Wakil Ketua Komisi III DPR RI, Dede Indra Permana menjelaskan bahwa proses pembahasan RUU ini berjalan intensif sejak 24 November 2025.
Prosesnya melibatkan rapat kerja dengan pemerintah, pembentukan Panitia Kerja (Panja), hingga mengakomodasi aspirasi publik melalui Rapat Dengar Pendapat sebagai wujud partisipasi masyarakat.
”Pembahasan Panja bersama pemerintah berjalan intensif, menyelesaikan Daftar Inventarisasi Masalah (DIM), membahas pasal demi pasal, hingga perumusan akhir disampaikan pada 2 Desember 2025,” ujar Dede.
”Dalam rapat kerja tingkat satu, seluruh fraksi menyampaikan pandangan dan menyetujui RUU Penyesuaian Pidana untuk dilanjutkan ke pembicaraan tingkat dua (Paripurna),” tambahnya.
Komisi III Beberkan Urgensi RUU Penyesuaian Pidana
Mengapa RUU Penyesuaian Pidana ini begitu mendesak?

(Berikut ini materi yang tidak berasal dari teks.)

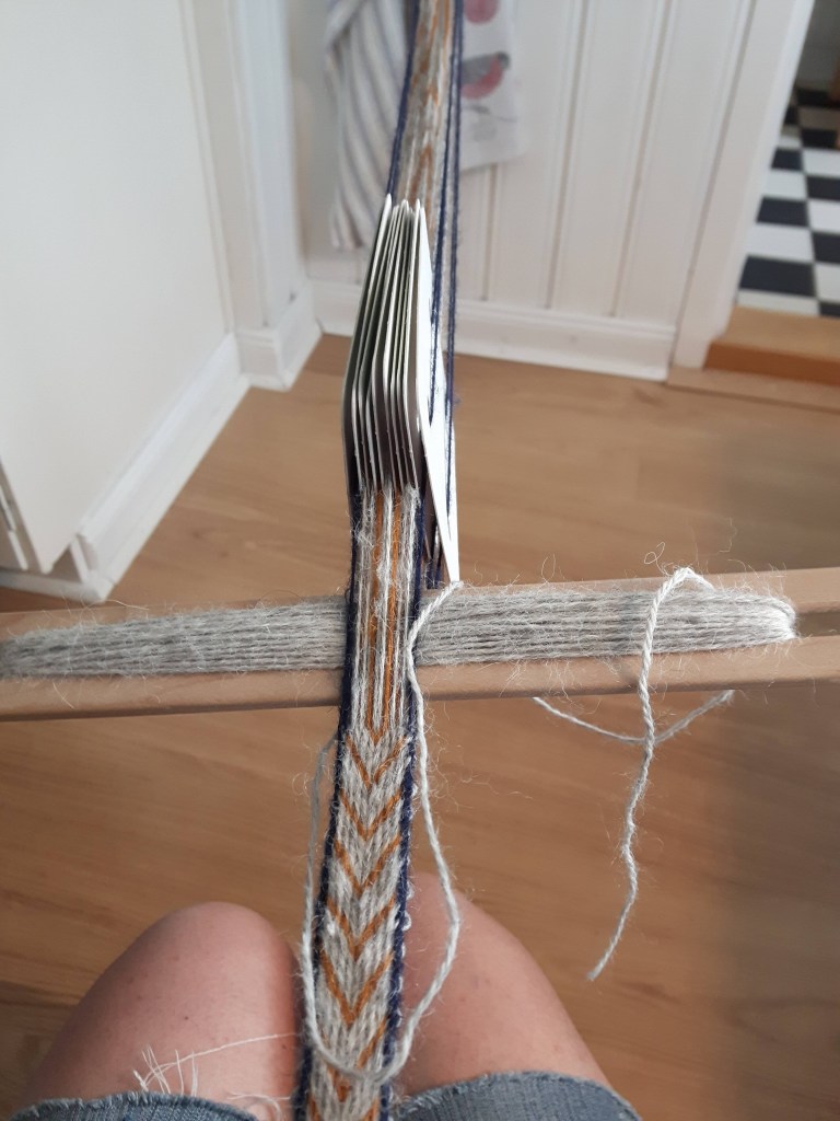 My son and I have for quite a long time talked about making a set of clothes from pre-Viking age, it might be both a male and female set. We haven’t come up with a decision on fabric yet, but to start with a have made the first attempt in tablet-weaving. A very clever method for making fine ribbons used at the time. Clothes were often lined with elaborate tablet-weaved ribbons. You use a tablet with four holes threaded with yarn in different colours. By turning the tablets in various directions you weave the pattern. It is quite complicated and I have to practise more, especially to get the edges straight. But it’s fun!
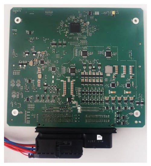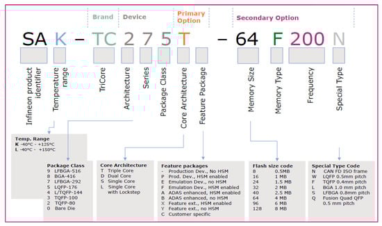 For the microcontroller, the second generation of the Infineon AURIX family, the TC397 microcontroller, is considered. The ordering code for the microcontroller is SAK-TC397TP-64F200N. This nomenclature, as shown in Figure 3, corresponds to a production device with a temperature range from −40 °C up to 125 °C, with board assembly recommendations (BGA) package 292, which consumes below 2 W, a triple core running at 200 MHz, support for floating and fixed-point operations, a 4 MB flash size, and CAN FD communication [16].
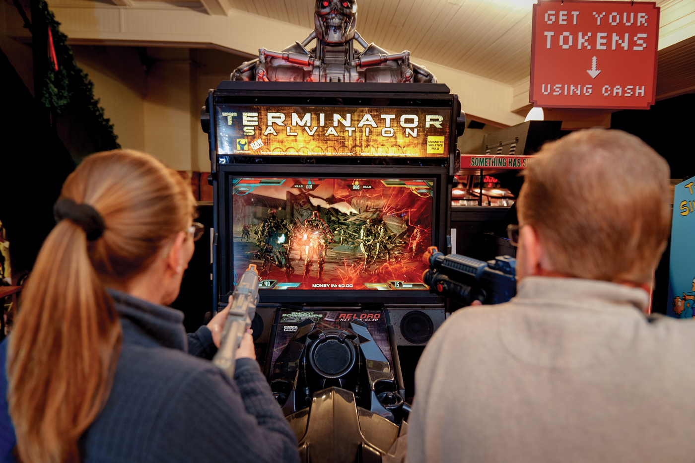 There are also 40-plus retro arcade games, including four full-size Skee-Ball lanes (in keeping with the retro feel, wooden balls are used for Skee-Ball). For the comfort of guests, small drink stands, which were custom-made, are positioned near each game, as well as between the Skee-Ball lanes. Arcade games use Decades tokens, which are 25 cents (most games use one or two tokens).
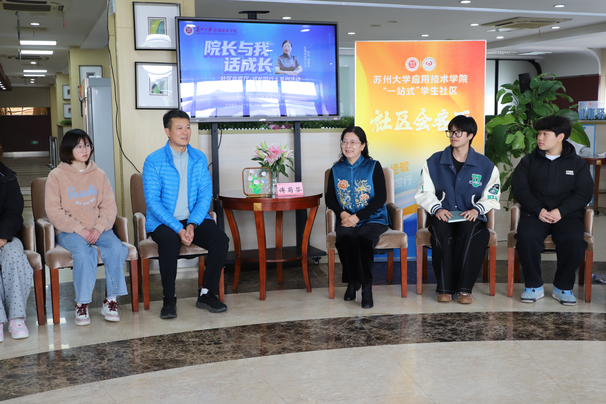 为深入推进“一站式”学生社区综合管理模式建设提质增效,创新构建有温度、接地气的常态化师生对话机制,让育人服务更贴近学生、扎根社区,3月25日,我院第二期“社区会客厅·成长同行人”主题活动如约举办。学院院长傅菊芬作为本期“成长同行人”走进学生社区,与青年学子围坐畅谈,面对面共话成长成才之路,学生工作处副处长李响主持本次活动。
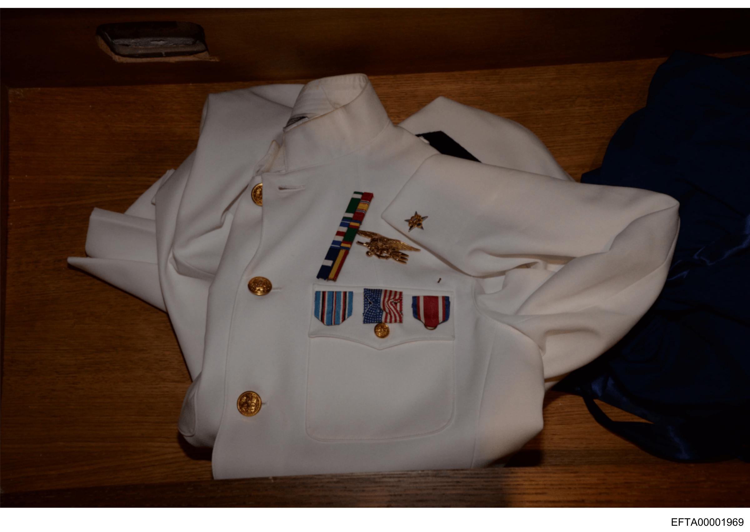 The image displays a white naval jacket with several decorations and medals on it, laid out flat on what appears to be a wooden surface.
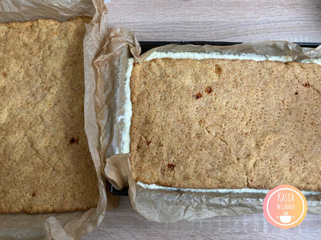 - pieczemy po kolei trzy blaty w blaszce ( ja użyłam o wymiarach 30×26 cm) wyłożonej papierem do pieczenia w temperaturze 170-180 stopni, do momentu aż ładnie się zrumienią.
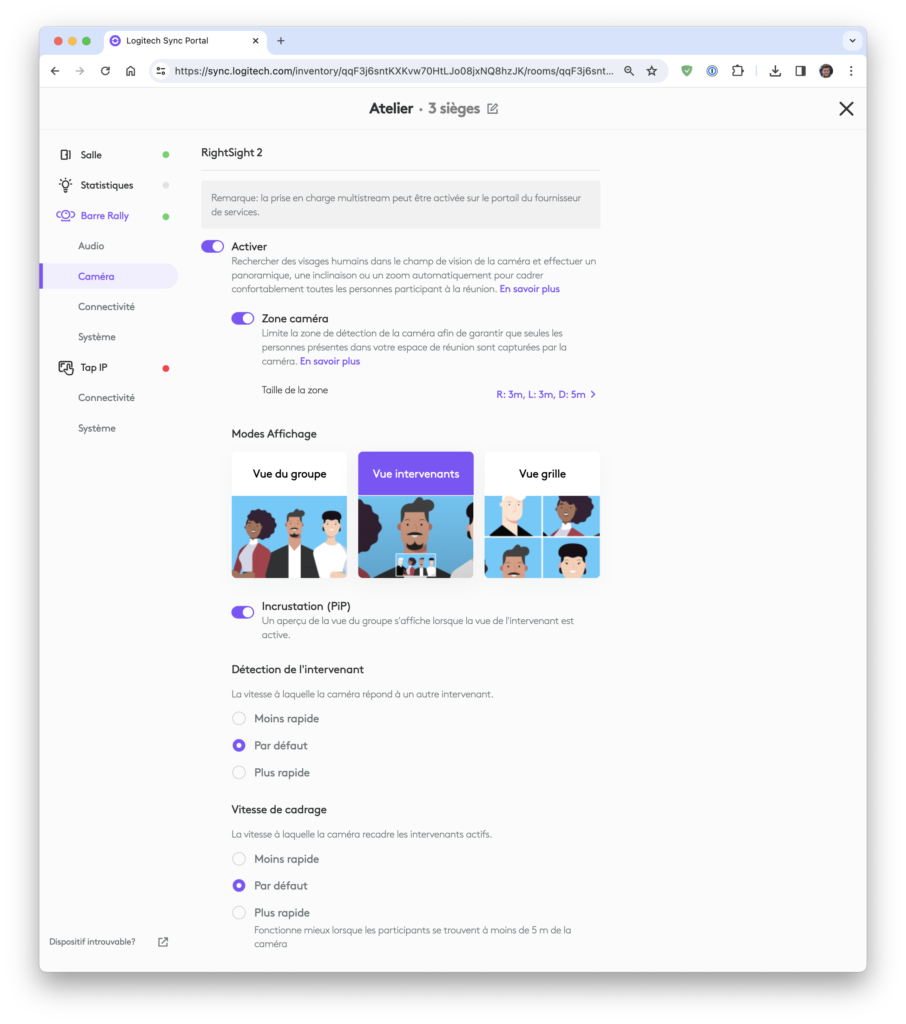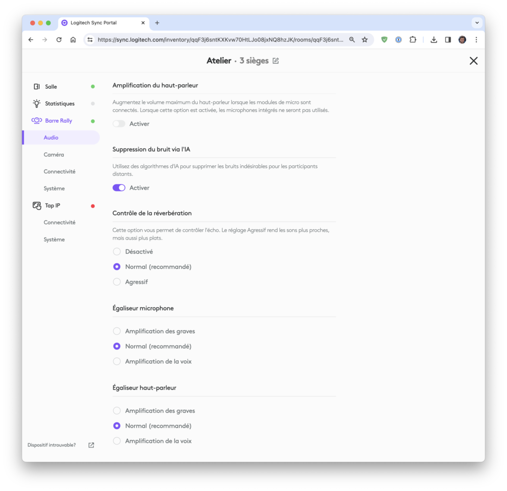 Elle permet aussi des réglages plus avancés des équipements, par exemple l’audio et la caméra de chaque barre mais aussi piloter les mises à jour:

Komisi III memaparkan lima pertimbangan utama yang mendasari penyusunan regulasi ini.
Pertama, harmonisasi hukum. Menciptakan konsistensi dan keselarasan dalam hukum pidana, agar lebih adaptif terhadap perkembangan sosial dan mencegah tumpang tindih aturan pidana di berbagai UU.

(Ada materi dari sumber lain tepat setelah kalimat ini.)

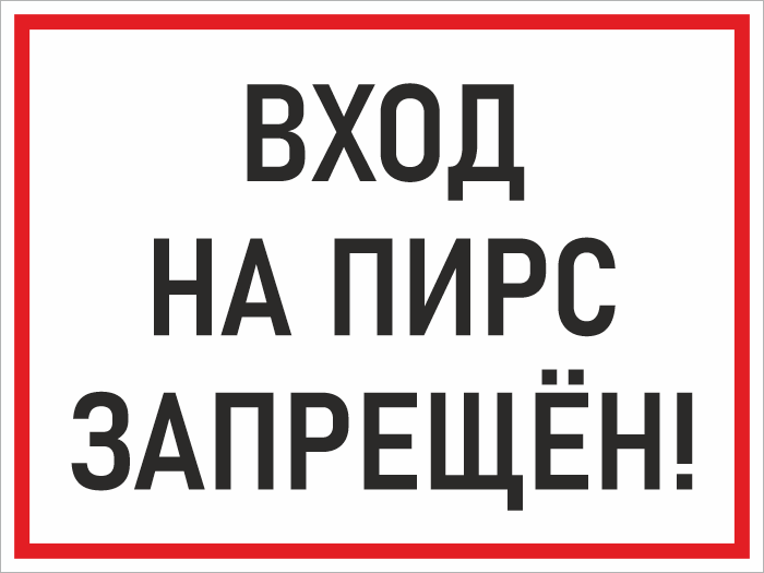 Знак «Вход на пирс запрещен!», БВ-05 (пластик 2 мм, 400х300 мм)
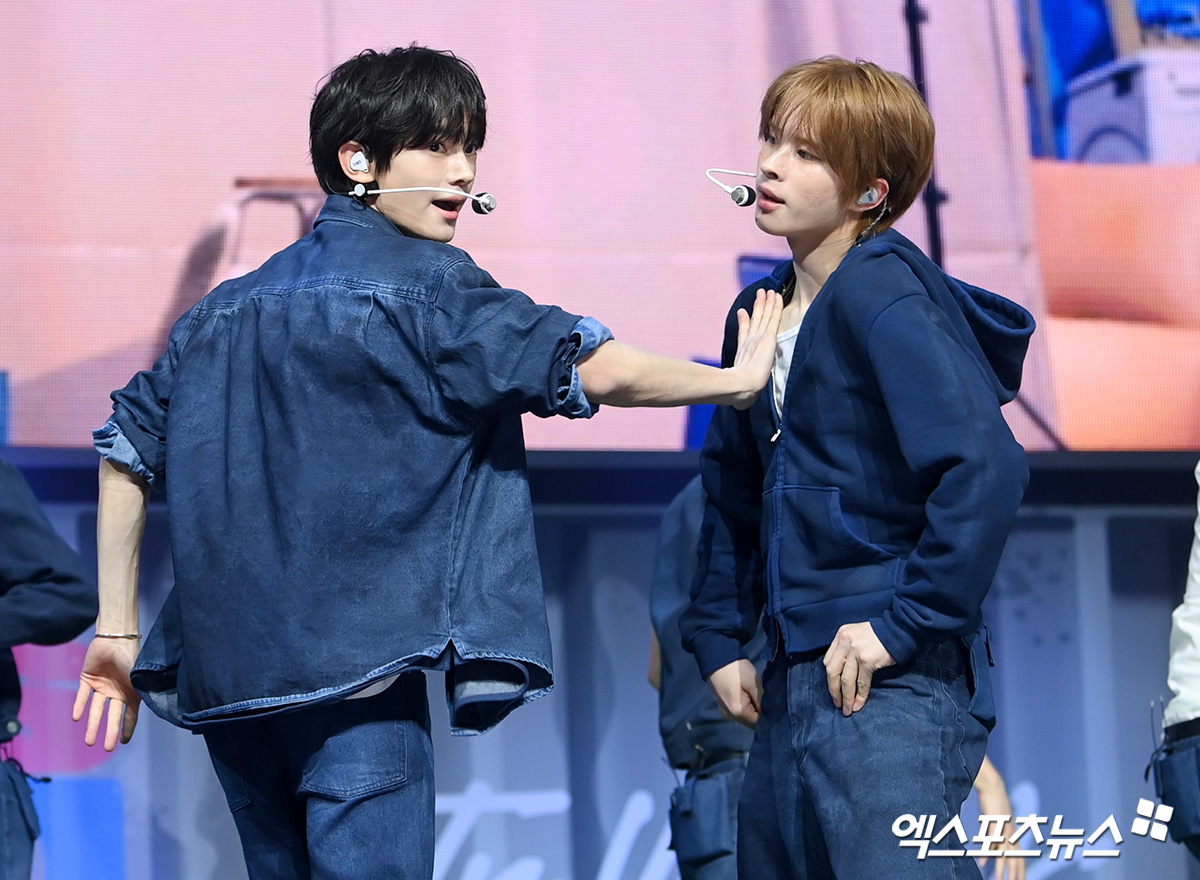 이날 쇼케이스에 참석한 그룹 투어스 한진, 경민이 타이틀곡 '마음 따라 뛰는 건 멋지지 않아?' 무대를 선보이고 있다.

Kedua, mandat KUHP baru. Memenuhi amanat Pasal 613 UU Nomor 1 Tahun 2023 tentang Kitab Undang-Undang Hukum Pidana (KUHP) yang mewajibkan penyesuaian semua ketentuan pidana di luar KUHP, khususnya terkait sistem kategori pidana denda yang baru.

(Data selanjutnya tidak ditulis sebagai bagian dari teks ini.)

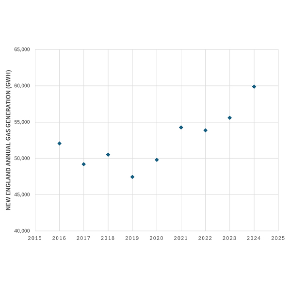 As overall power production ticked up in New England in 2024, natural gas generation reached its highest annual total in the region’s history, accounting for over 55% of all generation and 51% of net energy for load, according to new data from ISO-NE.
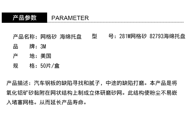艾逊订货号:C1034367 原始型号:网格砂专用托盘 281W-82793 品牌:3M 品牌所属地:国产
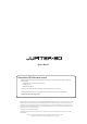 Owner’s Manual How to obtain a PDF of the owner’s manual PDF files of the owner’s manual and supplementary material for this product can be obtained from the Roland website. • JUPITER-80 Owner’s Manual (this document) • Parameter List * • MIDI Implementation * * These are not included with the product; you may download them as necessary. Visit the following URL, choose “owner’s manuals,” and search for the model name “JUPITER-80.” http://www.roland.
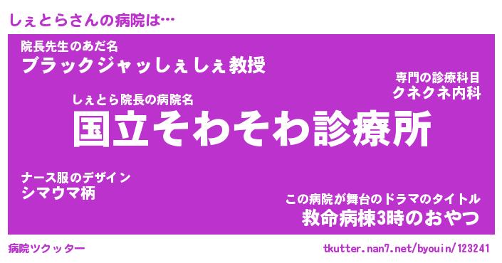 | 意味不明あだ名 | 『ペロリンしぇとら』『永久保存しぇとら』 |
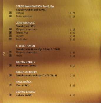 | Artiste | Joseph Haydn | Franz Schubert | George Enescu | Zoltán Kodály | Jean Françaix | Sergey Ivanovich Taneyev | Hans Krása | Trio Goldberg |

Ketiga, hapus Pidana Kurungan. Menghilangkan pidana kurungan sebagai pidana pokok dalam KUHP Nasional. Ini berarti, semua pidana kurungan dalam UU lain dan Peraturan Daerah (Perda) harus dikonversi.
Keempat, penyempurnaan redaksi. Memperbaiki beberapa ketentuan dalam KUHP Nasional yang memiliki kesalahan redaksi, memerlukan penjelasan, atau penyesuaian pola perumusan baru (menghilangkan minimum khusus dan pemidanaan kumulatif).
Kelima, cegah kekosongan hukum. RUU ini krusial untuk mencegah ketidakpastian hukum, tumpang tindih aturan, dan disparitas pidana menjelang berlakunya KUHP Nasional pada 2 Januari 2026.